- Born: Floyd Lee August 20, 1933 Lamar, Mississippi, US
- Died: June 7, 2020 (aged 86) Columbus, Ohio, US
- Genres: Blues
- Occupation(s): Guitarist, singer
- Instrument(s): Guitar, vocals
- Years active: 1950s–2013

= Floyd Lee =

American blues musician (1933–2020)

Floyd Lee, also known as Theodore Williams (August 20, 1933 – June 7, 2020), was an American blues musician. A native of Mississippi, Lee traveled around the United States before settling in New York City in 1972. He is best known for his passionate performances of blues music in and around New York's subway stations for almost 30 years, before recording four albums on the Amogla Records label and touring in his later years. "Mean Blues" became one of his more popular numbers.

==Biography==
Lee was born in Lamar, Mississippi, United States, and he was given away at one month old. As he grew up, Lee picked and chopped cotton during the warmer months, and attended schooling in Memphis, Tennessee, in the winter. Inspired by both his 'father', Guitar Floyd, and near neighbour Guitar Slim, Lee learned to play the guitar. He also heard his 'mother' singing when both working in the cotton fields and homemaking. By the age of ten, and following the earlier Attack on Pearl Harbor, Lee was first sent to live with relatives in Chicago, Illinois. He relocated with those relatives to Cleveland, Ohio, where he sold newspapers and was a batboy for the Cleveland Indians.
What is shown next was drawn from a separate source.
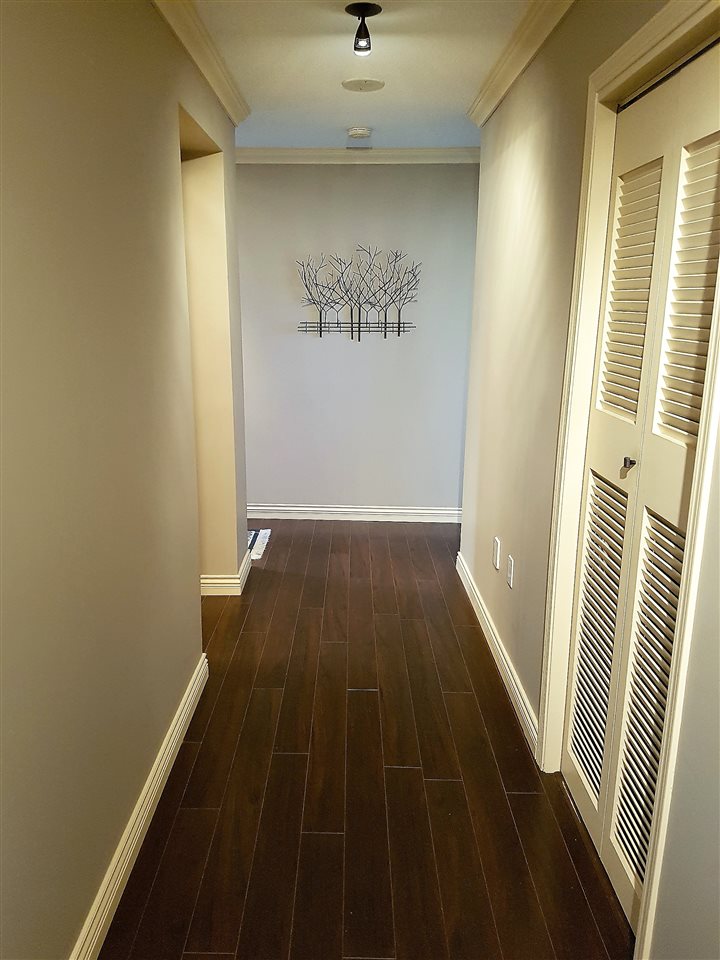 Wow! Original owner has continually renovated and updated this corner home incorporating the private, treed outlook with no one in front or across. A breakfast bar opens onto the family room from kitchen; an entertainer’s dream. Custom chocolate laminate throughout. Huge 150 sq ft tiled balcony for gardening and BBQ’s. Both bedrooms have their own ensuite bathrooms and a 3rd bathroom for guests. Walk to the river boardwalk and the Skytrain. Highlights include walls of windows, mirrored closets, crown molding, high baseboards, gas fireplace with a laundry room / pantry and ceiling fans.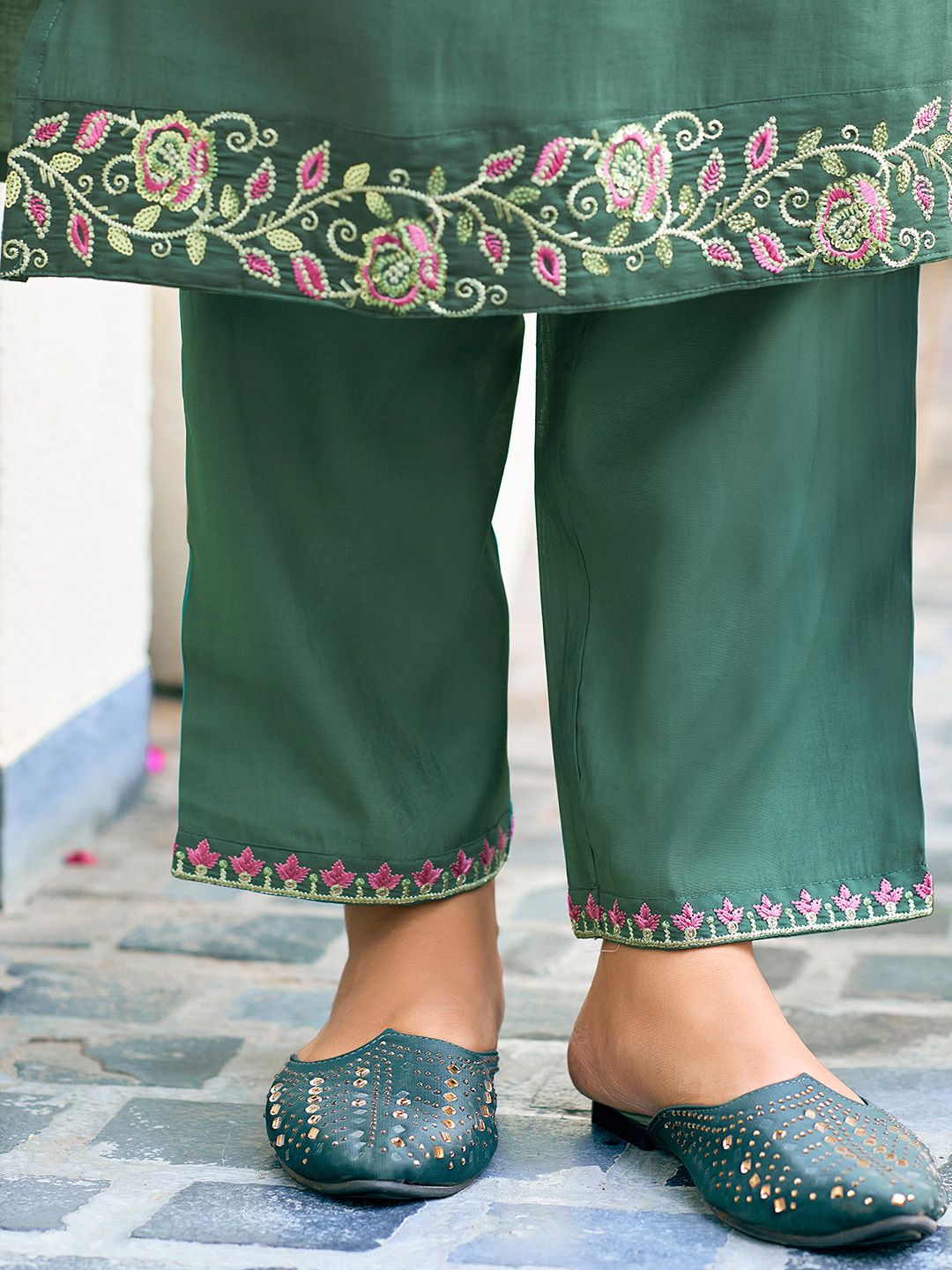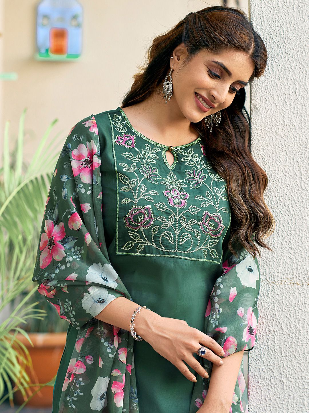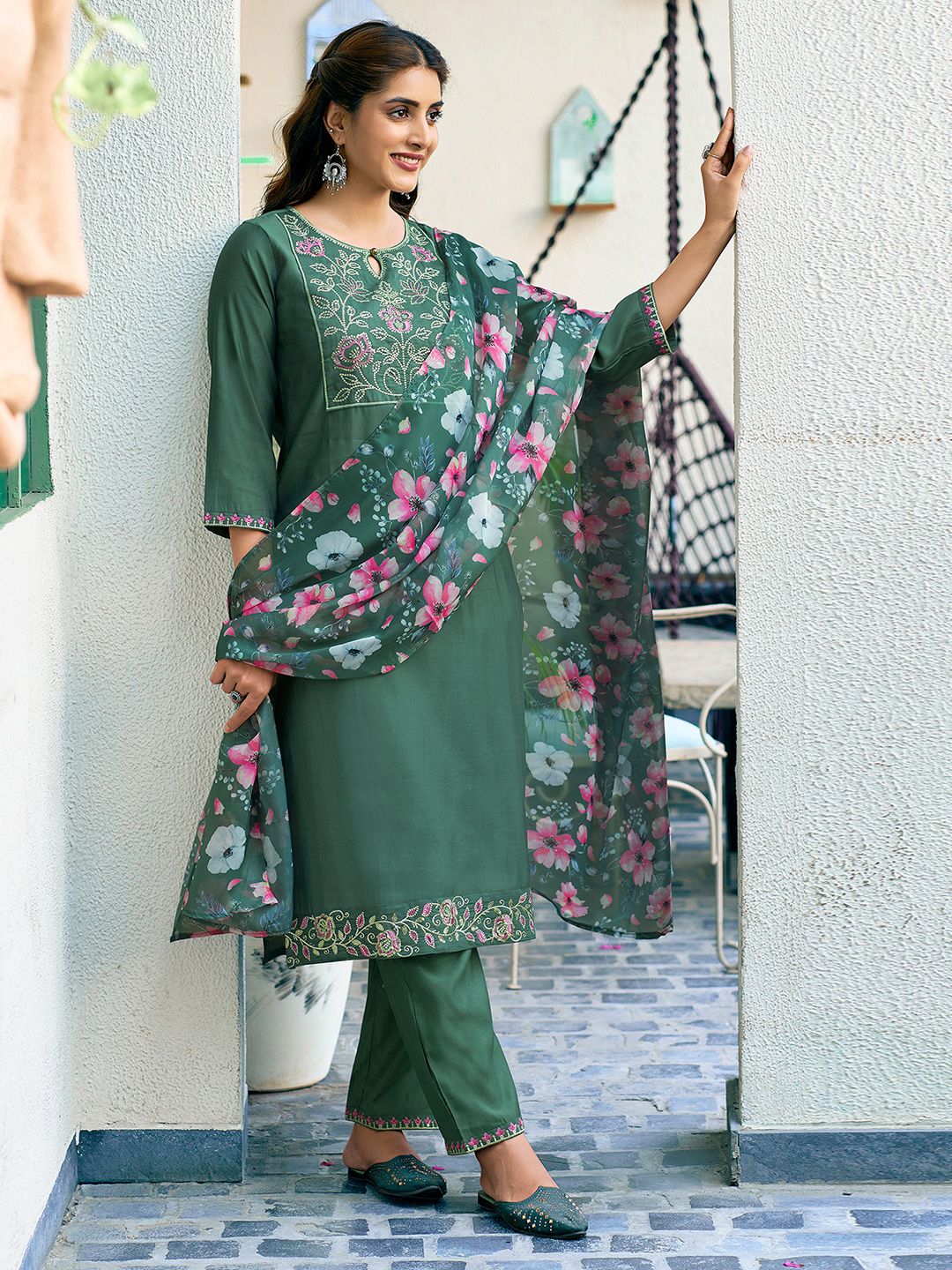 SANISA Women Woven Design Embroidered Kurta with Trousers & Dupatta

In his teenage years, Lee began as a performer at rent parties. He once met and informally played guitar with Jimmy Reed; the latter having traveled to Cleveland to give a separate solo performance. Lee subsequently worked his way around the north back to Chicago; then Michigan; on to Cleveland and Columbus, Ohio; before eventually settling in Harlem, New York, in 1972. He became immersed in New York's musical culture and started to perform in the train stations, clubs and street festivals in the city. Lee was a founding member of Music Under New York (MUNY), formerly Arts for Transit, and was later a judge on their board. He regularly performed blues music at subway stations, including Times Square and Grand Central Station as an official MUNY musician, a role he undertook for almost 30 years.

Lee also found employment as a doorman for 27 years at the Normandy Apartments on the Upper West Side of Manhattan, New York, before retiring from that job in 1996. He performed at David Dinkins' inauguration as Mayor of New York City in 1990 with Nelson Mandela in attendance. Some sources claimed Lee was a cousin of John Lee Hooker and, as well as Jimmy Reed, he also performed with Wilson Pickett and Bo Diddley.

Although best known for his passionate street performing in New York, in Lee's later years he recorded four albums in the 2000s on the Amogla Records label and toured extensively. He performed at music festivals in France, Switzerland, Japan, North Korea and Russia, in addition to touring across the US.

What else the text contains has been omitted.